Aktuell gibt es rund 160 Studierende hier, die sich auf ihr späteres Berufsleben vorbereiten. "Intermedia Design ist noch eine junge Fachrichtung, unter der sich vor allem die Eltern der Schüler noch nichts Genaues vorstellen können", sagt der Professor und verweist darauf, dass diese Bandbreite vom Design für Mobiltelefone über das Gestalten von Messen und Ausstellungen bis hin zur Zusammenarbeit mit Computerspielen reicht. Die Berufschancen sind gut: "Geschätzt rund 80 Prozent der Absolventen bekommen sofort eine Stelle." Sechs Semester oder drei Jahre dauert das Regelstudium, dazu kommt wahlweise noch ein Auslandssemester. "Das wird von vielen gerne in Anspruch genommen", weiß Gilgen.
Handwerkliche Begabung gefragt


Wer in der digitalen Welt der Medien seine Herausforderung sucht, sei hier gut aufgehoben, beantwortet er die Frage einer Schülerin. Denn während es in klassischen Berufen wie Architekt zunehmend schwieriger werde, eine Anstellung zu finden, wachse der Bedarf im Bereich des Intermedia Design nahezu täglich. Zudem nehme hier auch die Bandbreite der Berufe ständig zu. Eine Etage höher versucht Katharina Reimann Studierende für den Bereich Modedesign zu gewinnen. Es ist eine kleine Außenstelle der Hochschule Trier, die ihren Sitz in der Edelsteinstadt Idar Oberstein hat.

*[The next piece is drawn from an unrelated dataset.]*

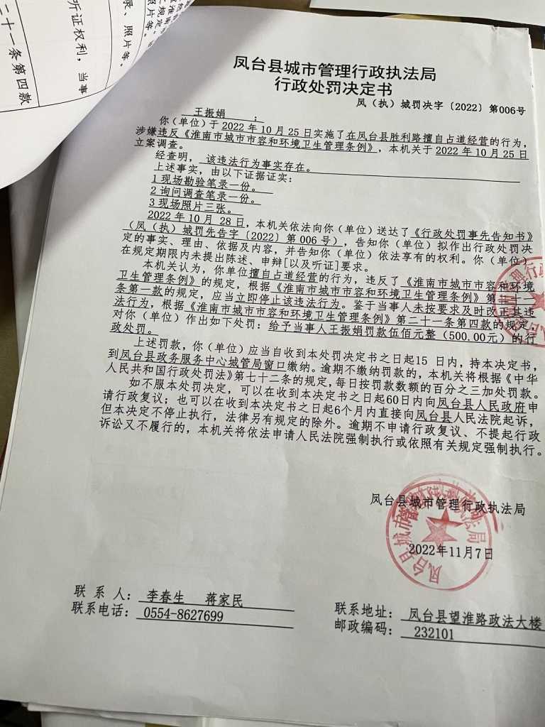凤台县城市管理行政执法局执法处罚决定书

Es mache keinen Sinn, wegen der Stadt dieses Studium aufzugreifen, sagt Reimann, die dort als Lehrbeauftragte tätig ist. Der Charme des Städtchens sei im Winter doch sehr überschaubar. Einen großen Vorteil aber gebe es doch: "Hier bekommen Sie die Rohstoffe für Ihre Arbeit sehr günstig im Kilopreis."
Eine handwerkliche Begabung sollte schon gegeben sein, bauen die Studierenden ab dem fünften Semester doch vor allem Schmuck- und Designstücke. Auch hier dauert das Studium sechs Semester, wer will, kann in zusätzlichen vier Semestern ein Studium mit dem Master krönen.
Natalie Welsch will das Gehörte erst mal sacken lassen. Der Informationstag habe ihr aber eine Menge an neuen Informationen beschert. "Und auch die Erkenntnis, dass es auch Berufe gibt, die man für sich besser nicht in Anspruch nimmt."